- _What needs to be done_: Reproduce only the lines below from the line containing "Der zentrale Anlaufpunkt" to the line containing "2ct Radiant Cut", exactly as written, with both end lines kept. Omit the pictures.

- _Provided entries_:
-*-

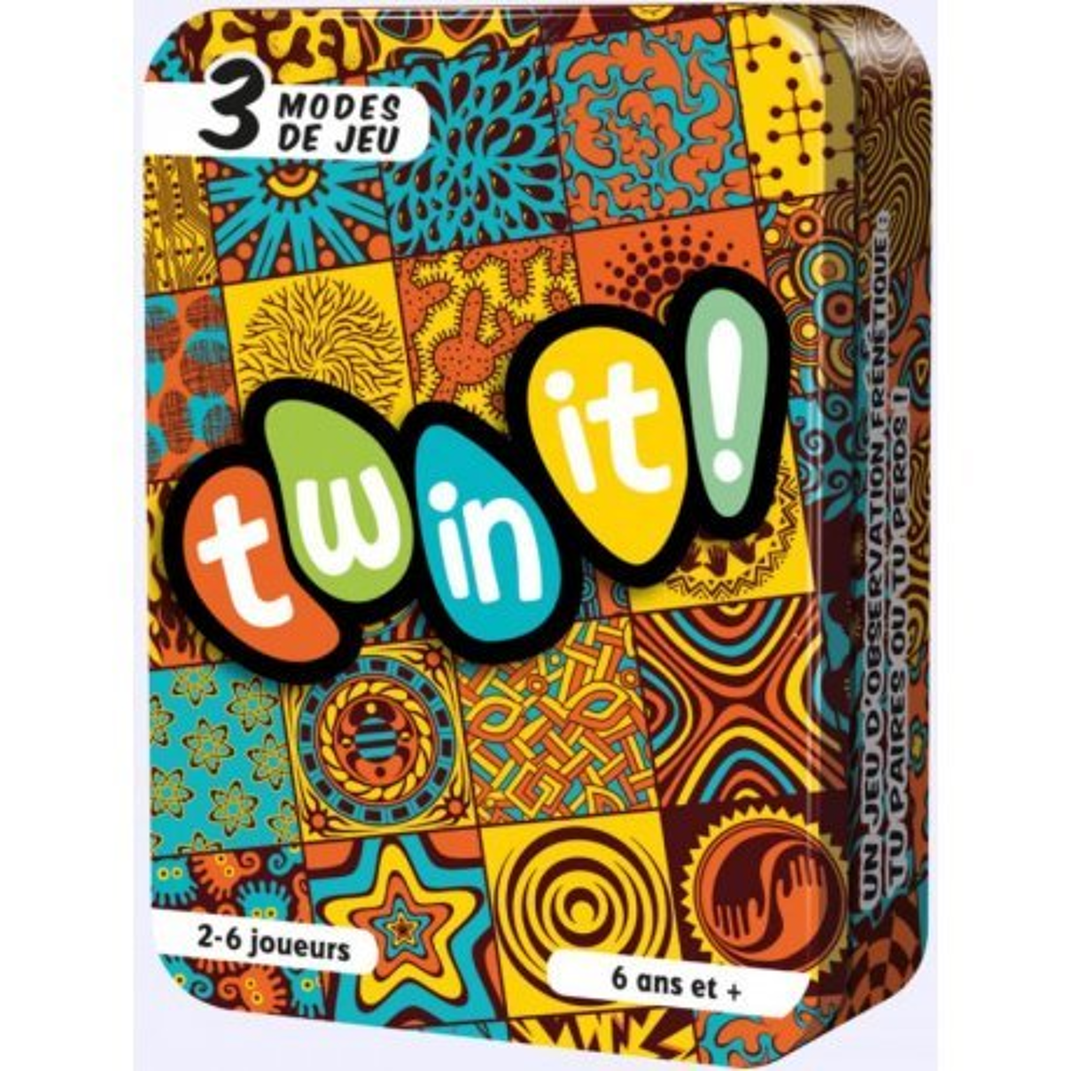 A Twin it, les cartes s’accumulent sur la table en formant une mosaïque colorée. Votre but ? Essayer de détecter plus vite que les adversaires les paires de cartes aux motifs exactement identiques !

-*-

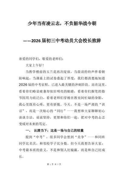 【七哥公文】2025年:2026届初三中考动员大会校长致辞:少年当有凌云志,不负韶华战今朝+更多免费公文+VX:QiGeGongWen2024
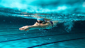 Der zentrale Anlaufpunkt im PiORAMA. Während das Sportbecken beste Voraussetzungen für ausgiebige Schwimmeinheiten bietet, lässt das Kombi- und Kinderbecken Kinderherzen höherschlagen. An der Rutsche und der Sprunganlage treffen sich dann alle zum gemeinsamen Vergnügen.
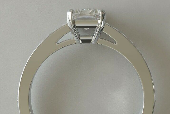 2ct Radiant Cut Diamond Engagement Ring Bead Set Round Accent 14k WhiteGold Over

-*-

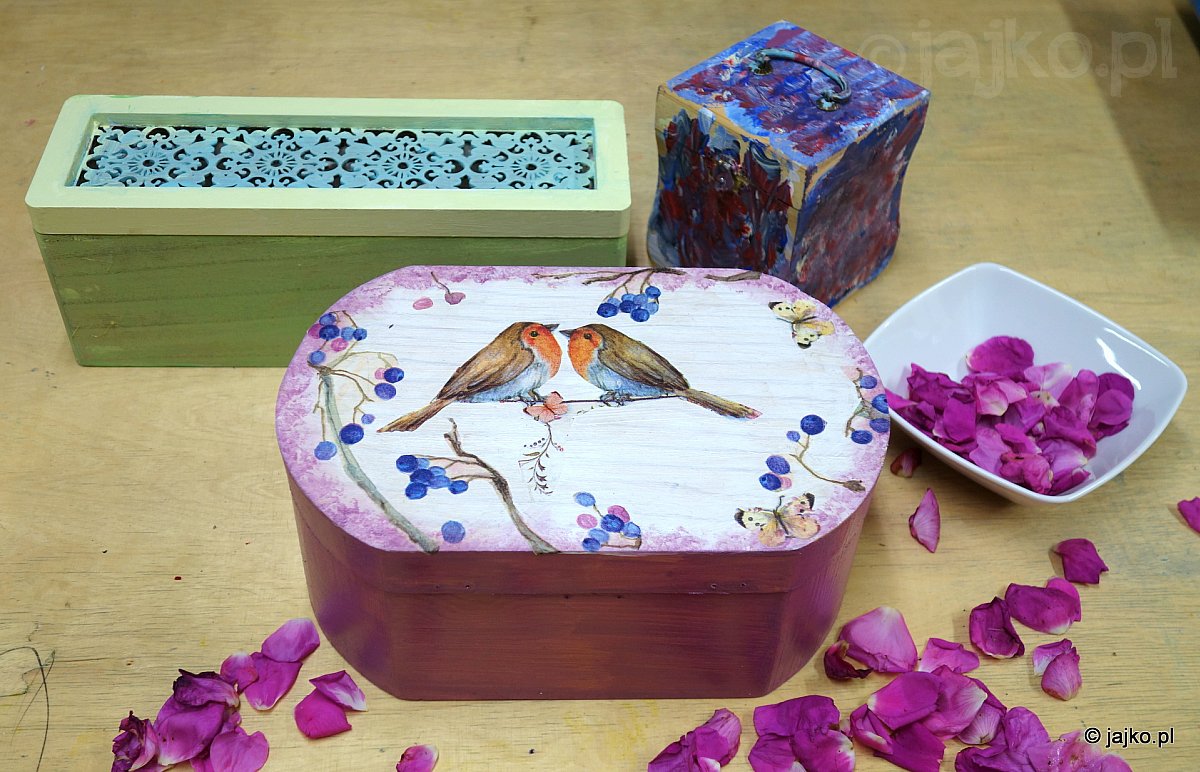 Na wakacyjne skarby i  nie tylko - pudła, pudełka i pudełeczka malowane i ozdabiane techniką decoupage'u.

-*-

- _Answer to this problem_:
 Der zentrale Anlaufpunkt im PiORAMA. Während das Sportbecken beste Voraussetzungen für ausgiebige Schwimmeinheiten bietet, lässt das Kombi- und Kinderbecken Kinderherzen höherschlagen. An der Rutsche und der Sprunganlage treffen sich dann alle zum gemeinsamen Vergnügen.
 2ct Radiant Cut Diamond Engagement Ring Bead Set Round Accent 14k WhiteGold Over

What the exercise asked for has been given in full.